It was a very strange day for Mitchell Harland.

For one, he missed his alarm. Completely. Slept right through it, stone cold knocked out on the cheap itchy mattress from the night before. He'd stayed over at his girlfriend's apartment after things took a turn for the worse. Lucky to grab a few hours of sleep. The sun greeted him lovingly. It filtered in through the dusty blinds, warming his skin and alerting him to the fact that he had screwed up pretty damn badly. Kaitlin, skin a light bronze and hair wild and matted from sleep, rolled over and smiled slyly at him staring up at the ceiling. Mitch rubbed the burn of his eyes.

"Ugh."

"Hello, sleeping beauty." She let out a half-giggle. Kicked the sheets off; even in the dark summer still insisted on making everyone miserable.

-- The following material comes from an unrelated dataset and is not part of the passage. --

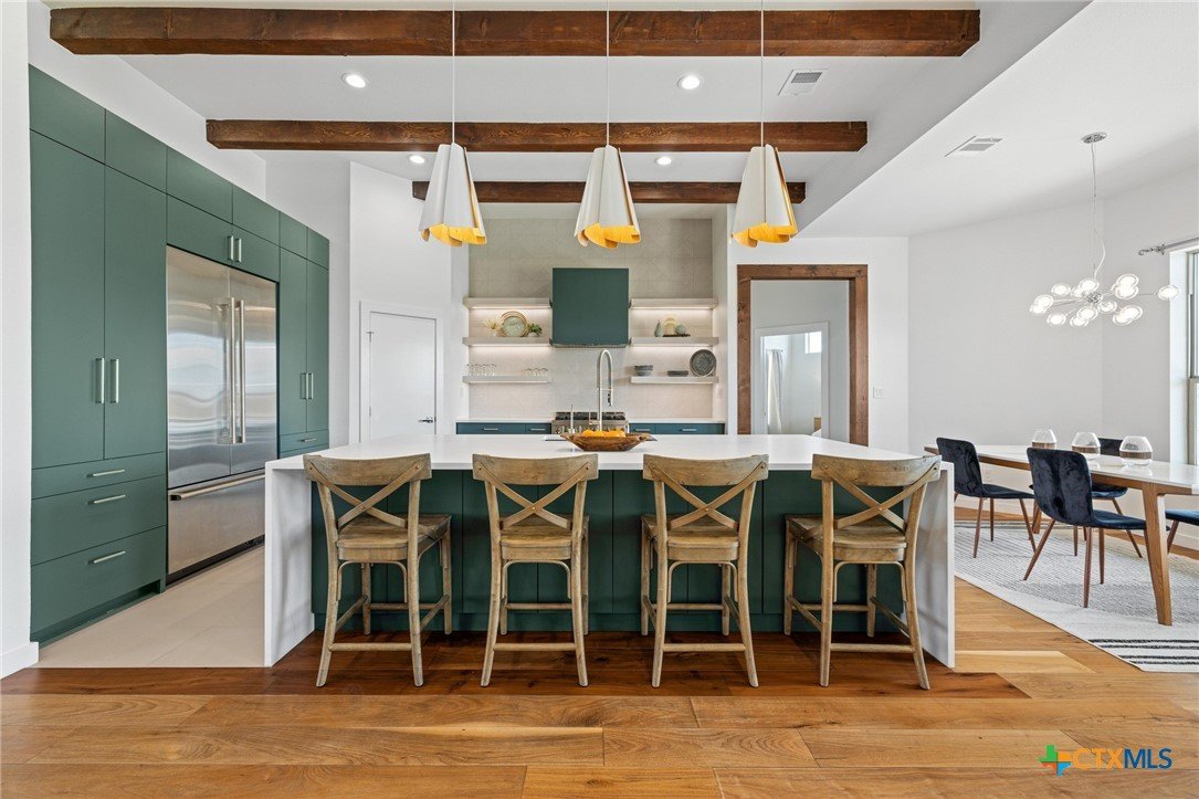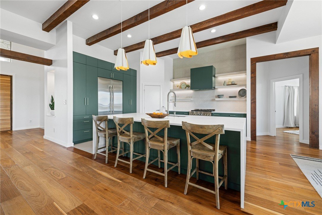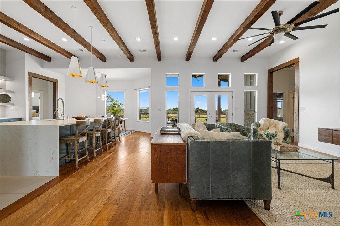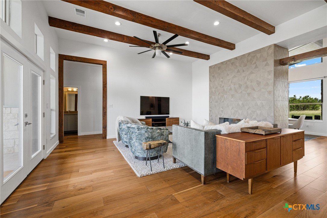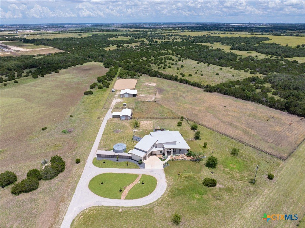 Tucked away in scenic Mesa Vista Estates, this breathtaking 7.8-acre estate offers the perfect blend of luxurious living, equestrian functionality & scenic Hill Country serenity, just a few miles NW of Austin and Cedar Park. The custom-designed residence spans over 3,600 square feet, featuring 4 spacious bedrooms, 3.5 baths, dedicated office, open concept layout and a laundry/mudroom all on the main level. Soaring ceilings w/exposed fir beams, rich walnut floors, remodeled double-sided fireplace, and designer finishes throughout give the home a refined, yet comfortable feel. The remarkably redesigned kitchen is a showstopper w/high-end appliances, including a 6-burner gas stove, custom cabinetry, contemporary lighting, a quartz waterfall island, and walk-in pantry. Upstairs features a sunlit game room & two flexible spaces perfect for a gym, media room, hobby space, or storage. Relax and enjoy breathtaking sunrise & sunset hill country views from expansive covered front, side, and back porches overlooking custom professional landscaping, horse grazing, and a fully-fenced backyard with room for a pool or sport court. Equestrian enthusiasts will love the fully outfitted 3-stall barn w/oversized stalls, individual runs, tack & feed rooms, hay storage, grooming area, plus full utilities. Ride or train in the 100x80 granite sand arena. All 7.81 acres are fenced & cross-fenced with native grass pastures to support year-round foraging and rotation. A 1,200 SF 3-room workshop on slab w/electricity, AC & bathroom offers endless potential as a guest house, studio, or home office. With no HOA, a low 1.7% tax rate and light restrictions that allow home businesses, the freedom here is unmatched. Just min. to 1300-acre River Ranch County Park w/miles of riding trails & the new Northline development, plus zoned to Leander ISD, this is a rare opportunity to live "off -grid," work, ride or expand on your own terms.

He shifted onto his pointy elbows, nearly hitting his head on the shelf above. Already woozy. His thin fingers ran through his hair, damp with sweat . "Shit. Shit. You let me sleep?"

"Thought ya needed it from being sick all night." Something gave her pause before continuing, long enough for him to interrupt.

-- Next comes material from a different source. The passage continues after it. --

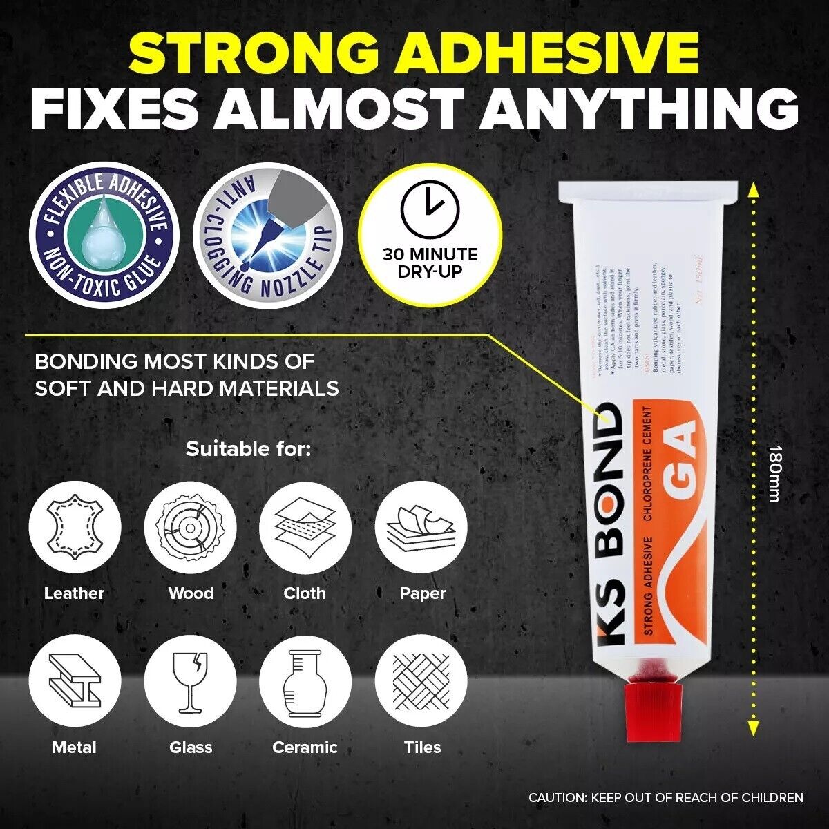 Fitted with an anti-clogging nozzle tip, this glue is easy to apply and is water resistant. Ideal for projects and repairing needs.

"No, I'm fine. ..Really. Feeling a lot better than last night. Listen - don't worry about me."

"Uh huh."

His legs slid onto the cold wood floor. Thin and compact. Mitchell pressed his hands against his knees, breathed out, and tried not to be sick again. Felt her doubtful stare bore holes into his back. He reached for a shirt without looking back at her. "I'm serious. I'm fine!"

"Uh huh. Okay. So... You couldn't keep anything down all day and now you're trying to convince me you're well enough to go to work after three hours of sleep."

Mitch shook his head, threw on a pair of pants suitable enough, rubbed his tired eyes. "I'll see you." He palmed through the half-darkness for the door. Heat had made an airless tomb out of the apartment and it didn't serve to help his headache. It was still early but he could hear shouts, down below, out the kitchen window. Someone getting towed. The sky hung low and hazy, reached in through the window to touch light on him struggling to eat breakfast, the old chipped table, the mint-colored appliances from some lost decade.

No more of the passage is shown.